About
Emmanuela (she/they pronouns) is a Classics scholar and humanist who specializes in ancient Greek and Roman theater. Ηer dissertation investigates the issues of forced displacement, belongingness, and agency of marginalized protagonists of Attic drama. Her research explores the collective and individual tragic figure of the migrant other and their connections with both ancient and contemporary sociopolitical realities. Her research on contemporary forced migration using computational methods in Global South contexts, conducted in the Low-Resource Language Lab (LOREL Lab), is an additional joy to her.
She received her undergraduate degree in modern and ancient Greek, and Latin Literature at the University of Crete, and an M.A. in ancient Greek and Latin Philology from the University of Heidelberg. Her master’s thesis is written on the presence of the Underworld in Sophocles’ Oedipus at Colonus. After her research stay at the University of Oxford, she began researching (post)colonial reworkings of ancient materials, particularly those in modern Greek and Hispanophone literature, incorporating performance and modern classical reception studies into her scholarship.

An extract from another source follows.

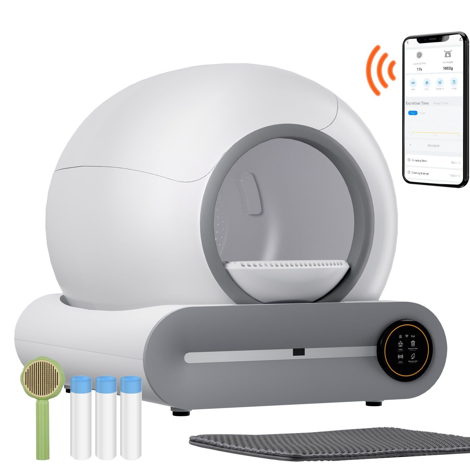 5.What's in the Package: 1 smart cat litter box with integrated body, 3 rolls of trash bags, 1 litter mat, 1 pet brush, 1 entry mat, and 1 instruction manual.

Emmanuela is the Argyropoulos Graduate Fellow of Hellenic Studies, who taught modern Greek at UCSB for five years, and she is a multiple award-winning Teaching Assistant. She is passionate about teaching and mentoring undergraduates in ancient and modern language courses, seminars on race, ethnicity and gender, and modern classical receptions, and collaborating in computational projects.
Emmanuela is also a social-justice scholar and educator who collaborates in global antiquity-related and public-facing projects such as The Odyssey Project and a Modern Greek Studies Association-funded podcast on diasporas.